Imo’s Pizza is the only St. Louis styled pizza place around the area. The cheese is weird but tasty, and the crust is thin. I ordered pizza from them a while back and it came a little late so they gave me a coupon, which I used to purchase an entire cheese pizza leftover fantasy. Generally pizza is fantastic cold out of the fridge or fresh out of the microwave. The crust is nice and soggy, the cheese is firm, and the

sauce is sweet. I wish I could say the same for Imo’s, but the pizza tasted like bacon flavored EZ cheese. I’m fairly certain good pizza should never taste like EZ cheese or bacon unless they are used as toppings.

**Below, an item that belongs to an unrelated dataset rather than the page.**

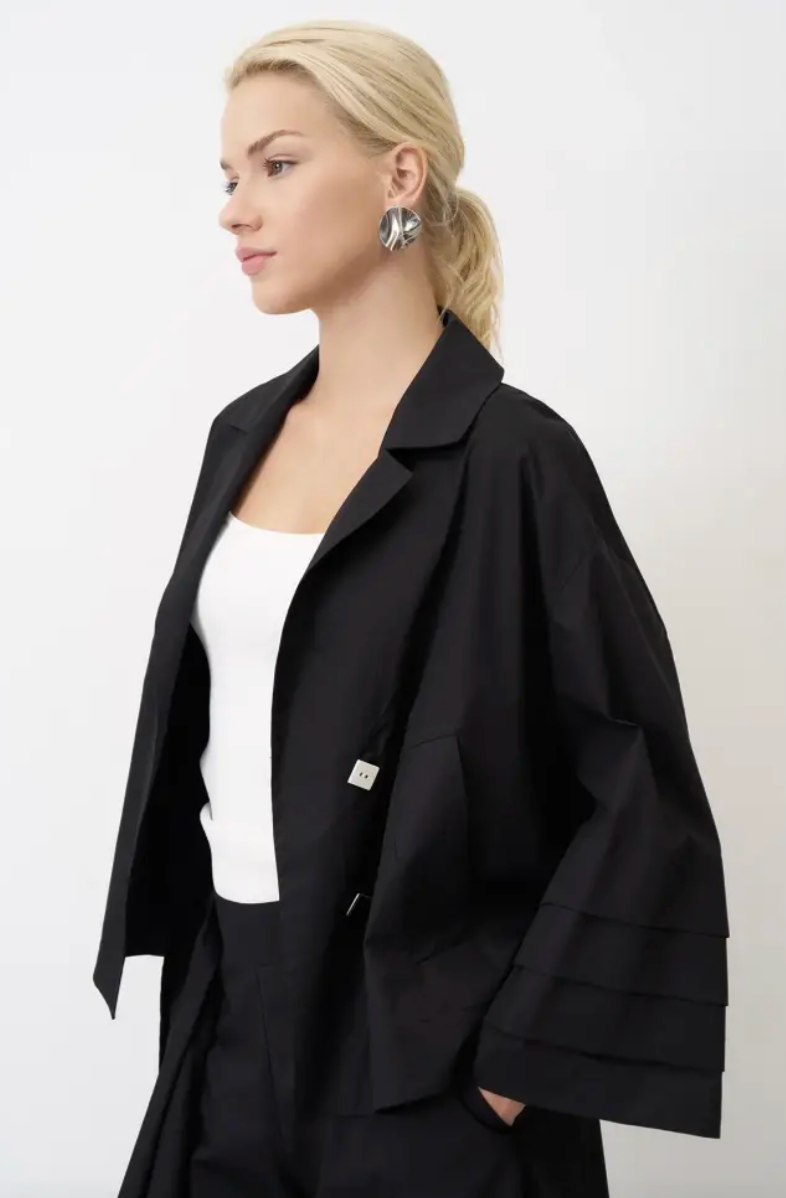 Regular price €310.00 Save 0%Meimeij Oyster Viscose Batwing Zip Up Puff Hem Jacket.

Cancun Fiesta Fresh, living up to the redundant yet fantastic slogan “fast and pronto,” is indeed a very speedy little Mexican joint. I usually get the veggie burrito because, although it is lathered with sour cream, just the word vegetable makes it seem healthier (I can assure you it is not at all healthy). The burrito trumps Chipotle and then some. I took half of the humongous burrito home and reheated it until it was lukewarm the next day. Boy was I in for a nice surprise. All of the ingredients mixed and somehow shifted into evenly distributed bites of heaven. I would almost recommend the reheated version of this dish. I approve.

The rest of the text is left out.